As well as having lots of sakura trees within the garden, there are plenty more surrounding it – especially at nearby Kanazawa Castle. Kanazawa itself is one of the hottest Japan destinations for 2015, what with its shiny new bullet train line, beautiful station, beautifully preserved traditional districts and cutting edge 21st Century Museum of Art – so there’s no excuse not to make it part of your itinerary.

7. Miharu Takizakura

Miharu Takizakura

Miharu Takizakura (photo: JNTO)

Miharu Takizakura, (lit. “Waterfall cherry tree of Miharu”) is located near the small town of Miharu in Fukushima Prefecture, in the northern Tohoku region of Japan’s Honshu main island. Over one thousand years old, 12 metres tall and with a trunk circumference of 9.5 metres, this massive weeping cherry tree is probably Japan’s most famous tree – and is thought by many to be its most beautiful.

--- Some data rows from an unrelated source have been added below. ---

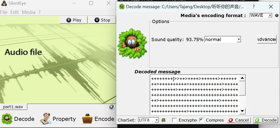 使用MP3Stego工具通过获得的密码解密part2.mp3文件
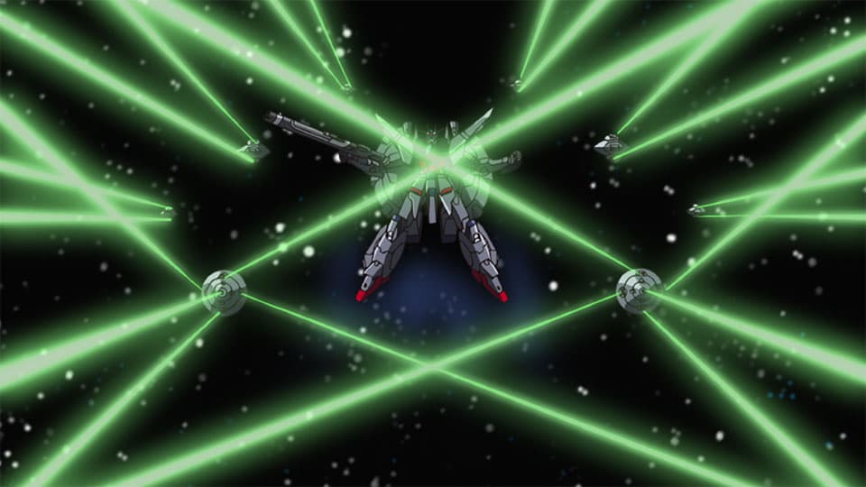 Having eliminated Requiem's first relay station, the Archangel and Eternal rush to the moon to join the attack on the Daedalus base, only to find their way barred by the mobile fortress Messiah. Kira tells Athrun and the Archangel to continue on and destroy the Requiem cannon, while he and the Eternal stay behind to deal with Messiah.
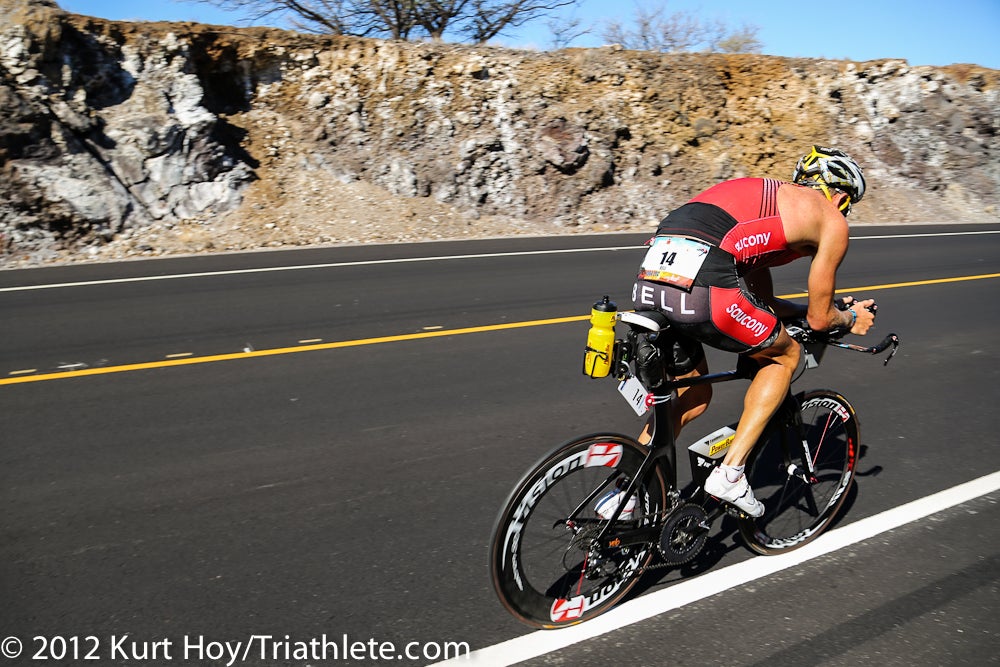 The pro women took off two minutes after the pro men, and two women—former collegiate swimmer Haley Chura of the U.S. and former ITU racer Liz Blatchford of Great Britain—soon pulled away from the pack. Chura exited the swim first in a time of 49:22, and Blatchford was about 30 seconds back. Third out of the water was Ellis, who was only two minutes back by the time she exited T1 (there’s a quarter-mile run from the swim exit to transition)—but looked like she was shivering from the swim. German Anja Beranek was fourth, less than four minutes back, and Australia’s Rebekah Keat was fifth about 5:30 back to start the bike.

As the Japanese do very much like to rank things in lists, it comes as no surprise that Miharu Takizakura tops both the “five great cherry trees of Japan” and the “three giant cherry trees of Japan”. Furthermore, according to Wikipedia, “polls frequently rank it as the number one tree in all of Japan”. One does have to wonder how often Japan needs to take polls about its trees, but anyway. It’s a pretty nice tree, I’m sure you’ll agree.

8. Hirosaki Castle

Hirosaki Castle with sakura

Considered to be one of the top three cherry blossom viewing spots in Japan (here we go again with the lists), Hirosaki Castle at the northern tip of Honshu main island is a wonderful place to see in the sakura. Since it’s so northern, the blossoms come out rather later here than in more southerly regions, making this a great spot for those who arrive in Japan too late to hit peak season elsewhere.

From around late April each year, Hirosaki Park is tranformed into a pink wonderland with over 2,500 cherry trees, cherry blossom tunnels, evening illuminations, moats turned completely pink with petals, lovely picnic areas, and rental rowing boats combining to create a truly magical hanami location. If you visit between April 23 and May 5, you will also catch the Hirosaki cherry blossom festival.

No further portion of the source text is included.